A more mindful approach: honouring depth without dismissing breadth
If counting countries motivates you, there’s nothing inherently wrong with that. And if you prefer slow, immersive travel, that’s equally valid. The real opportunity lies in finding a middle ground — a way of travelling that acknowledges our human desire for progress and identity, without letting numbers overshadow meaning.
1. Let the number be a reflection, not a goal
There’s a big difference between noticing how many countries you’ve visited and chasing the next one. When the number becomes a reflection of your experiences rather than the purpose of them, it loses its pressure. It becomes something you can glance at with curiosity rather than something you need to optimise.
This mindset allows you to enjoy the psychological benefits of tracking, without letting the metric dictate your choices.
2. Prioritise depth where it matters to you
Depth doesn’t have to mean staying in one place for months. It simply means allowing yourself to be present enough to notice the details: the way a neighbourhood wakes up, the rhythm of local life, the conversations that unfold when you’re not rushing to the next stop.
You don’t need to reject breadth to embrace depth. You can visit many countries and still travel slowly within them. You can return to places that resonate. You can let certain destinations become part of your personal landscape.
3. Share your experiences, not just your numbers
If you enjoy sharing your travels online, consider what you want people to understand about you. Is it the number of stamps in your passport, or the way a place made you feel? Is it the list of destinations, or the stories that shaped you?

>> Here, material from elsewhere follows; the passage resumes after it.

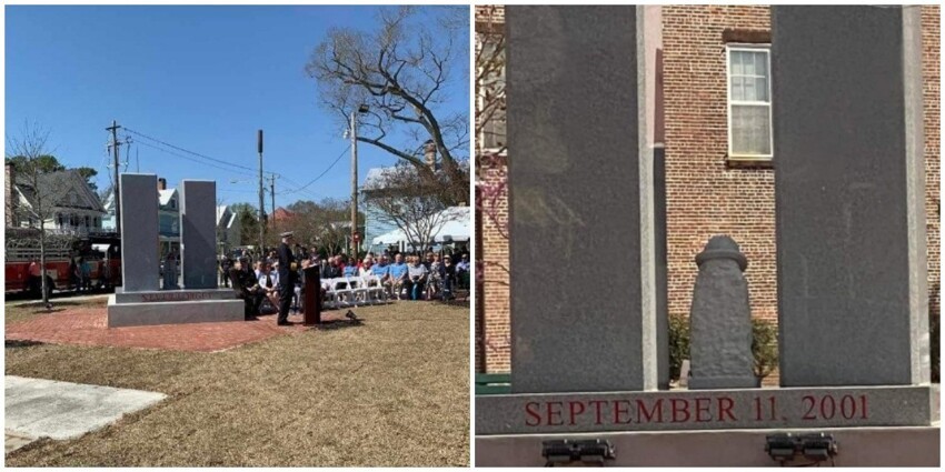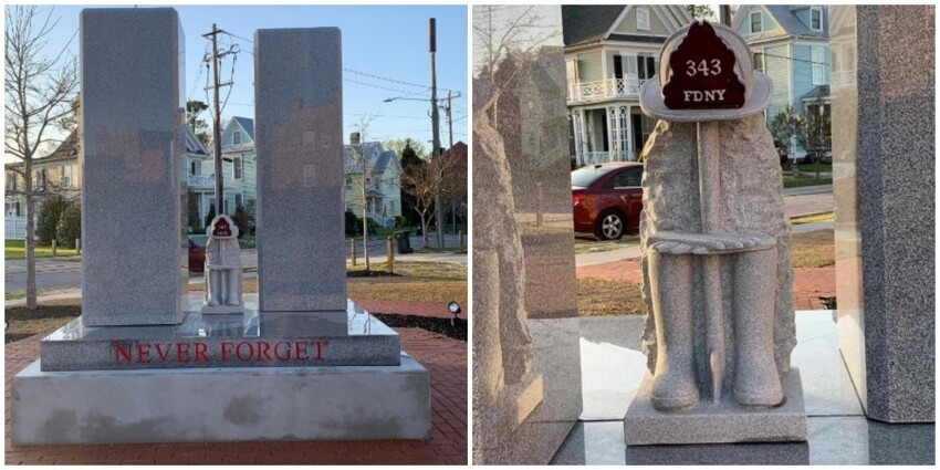 The firefighters museum in New Bern has a strange memorial in memory of the tragedy of 2001, the largest terrorist attack in history, when The skyscrapers of New York were hit by two planes controlled by terrorists. The monument consists of two granite skyscrapers and a helmet between them. fireman.

Sharing depth, including the sensory details, the emotional shifts, the unexpected moments, often creates a stronger sense of connection than sharing a tally. It invites others into your experience rather than asking them to compare theirs to yours.
For more on this topic, check out our guide to sharing travel photos on social media.

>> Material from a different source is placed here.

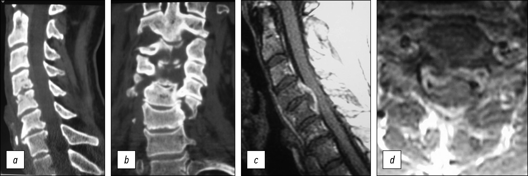 Рис. 2. Спондилодисцит на уровне С4-С5 позвонков. По данным КТ (а, b) выявлена деструкция тел С4-С5 позвонков. На МРТ (c, d) отмечается компрессия спинного мозга на уровне С4-С5 вентрально расположенным эпидуральным абсцессом.

4. Build credibility through insight, not accumulation
If you’re a blogger, creator, or travel professional, remember that your authority doesn’t come from how many countries you’ve visited. It comes from the quality of your insight.
Just as a chef earns respect through mastery of a single cuisine before branching out, travel credibility grows from understanding a place deeply enough to speak about it with nuance. Readers trust you when they sense that you’ve listened, learned, and allowed a destination to shape your perspective.
Final thoughts
Counting countries is neither inherently good nor inherently shallow. It’s simply one way of making sense of our travels — a way of turning something vast and emotional into something neat and measurable. For some people, that number feels motivating or satisfying. For others, it feels reductive. It’s helpful to realise that we are all different, and not to judge.
When people do count, what matters is the intention behind it. If the number reflects experiences that genuinely shaped you, that’s meaningful. If it becomes a target to chase, it can quietly pull you away from the very things that make travel transformative: curiosity, connection, presence, depth.
Sharing your country count can be fun, and it can help you express your identity as a traveller. But it’s worth remembering that numbers alone don’t tell the story. They don’t capture the conversations that stayed with you, the moments that softened you, the places you returned to because they felt like home. They don’t reveal what you learned, or how you changed.
Travel is at its best when it expands not just our map, but our understanding. Whether you’ve visited five countries or fifty, the value of your travels lies in how deeply you engaged with the world, not how many borders you crossed.
If counting inspires you, enjoy it. If it distracts you, let it go. Either way, the invitation is the same: travel in a way that feels meaningful to you, and let the richness of those experiences speak louder than any number ever could.